The Journey towards Technological Integration

by Jeff Wiener on January 13, 2012

Despite the introduction of Ultrabooks and the usual parade of redesigned smartphones, I’ll honestly admit that there’s been little that has caught my eye so far at CES 2012. Without anything interesting to look at I naturally let my mind wander, and as I read a post from one of the writers here at theTelecomblog regarding the introduction of a wireless-enabled vehicle, I couldn’t help but think about where technological progress is taking us.

Strangely enough, as I mulled over the direction our digital existence is heading I came across this interesting interview with Google CEO Eric Schmidt yesterday, articulating his vision for a future where his company will simultaneously enact its duel mission statements of Do No Evil and Control the World.

In the interview Schmidt spoke of a vision for a fully connected, fully networked digital existence, one that would have every piece of technology—from one’s TV to refrigerator, from one’s car to one’s heating system—all interconnected…and all running Android of course.

While it comes as no surprise that Google envisions a future where its free open source mobile operating system has infiltrated every corner of the technology market, there have been many voices at this years CES preaching about the push towards technological integration and about the development of an all-encompassing mobile ecosystem.

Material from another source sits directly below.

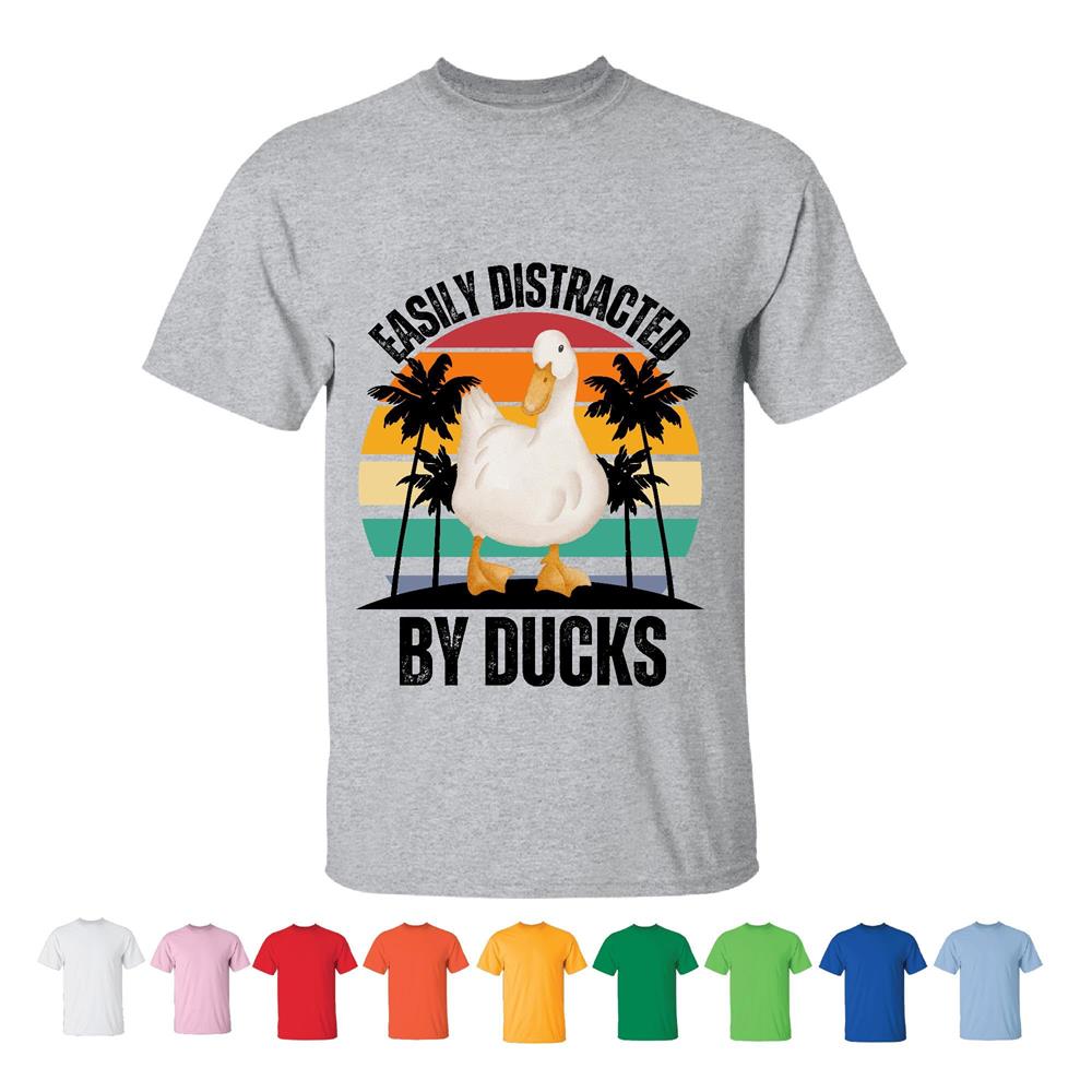 Retro Duck Easily Distracted By Waterfow Men Women White Gray T shirt

It’s a future where the smartphone will transcend its role as simply a communications platform and become the portal to all other devices and appliances in one’s home. In turn, those devices and appliances will be linked together in a seamless integrated network, allowing users to access whatever information they want from anywhere in the house—or even abroad with added vehicle integration.

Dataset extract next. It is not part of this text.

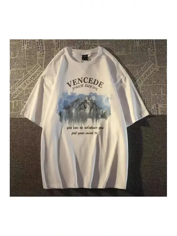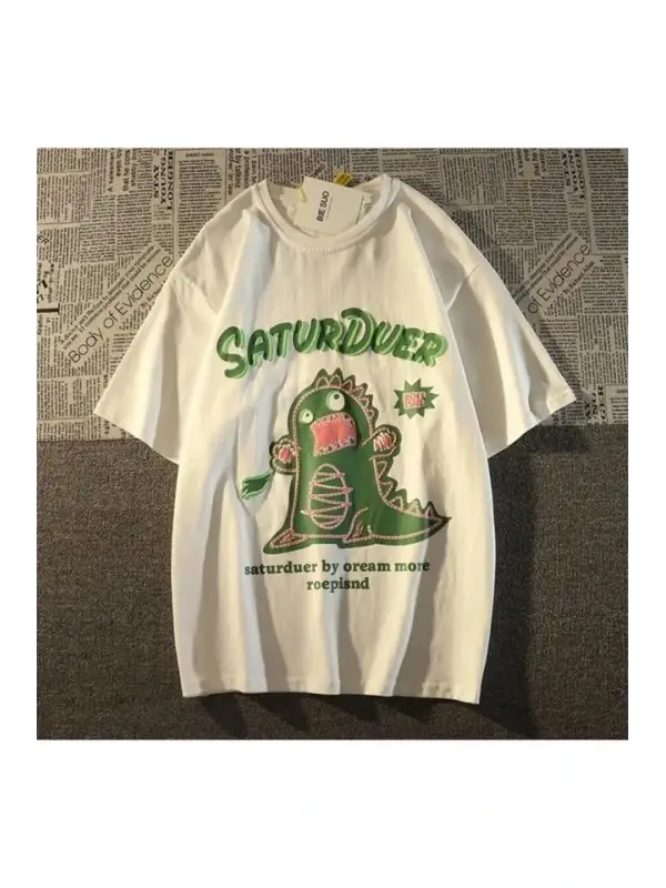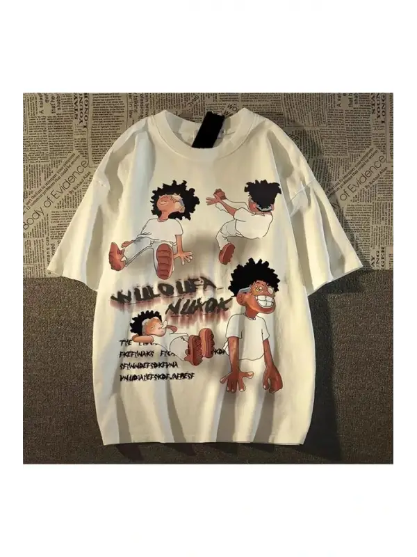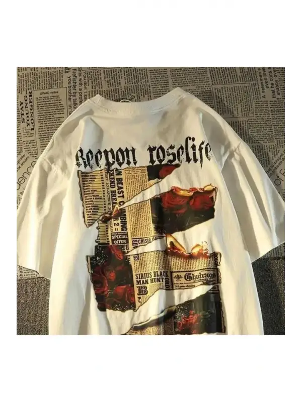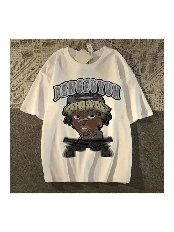 Beyaz Dengfuyun Hip Hop Baskılı Oversize T-Shirt

The value of such a fully integrated technological ecosystem is that it goes far beyond entertainment, enterprise business applications, or our need for information and instead extends to every facet of our lives…whether or not such integration will make our lives easier, however, remains to be seen.

There are downsides to this industry-wide push towards networked integration though, and unfortunately they usually come in the form of stagnant innovation. My point is that while Android-powered refrigerators are interesting they’re still just refrigerators and although wireless-enabled cars are cool they’re still just regular old cars. In this push for technological integration it’s doubtful that any new products will be created, simply old products rethought and redesigned.

Now don’t get me wrong, there’s great value to taking what we have and redesigning it to make it more technologically advanced, but it still seems to me that such a focus means that we’ve reached a plateau in our technological development, a place where instead of creating new products—weren’t we supposed to have the flying car by now?—we simply look for ways to better combine our old ones.

In the end I have to admit that while I’m excited to see where increased technological integration takes us, I’m a little uneasy about a future where Android controls my personal technological ecosystem, as it all seems to have a disturbing Terminator-esque dystopian feel to it, particularly given the fact that such integration will offer Google the perfect chance for some focused advertising.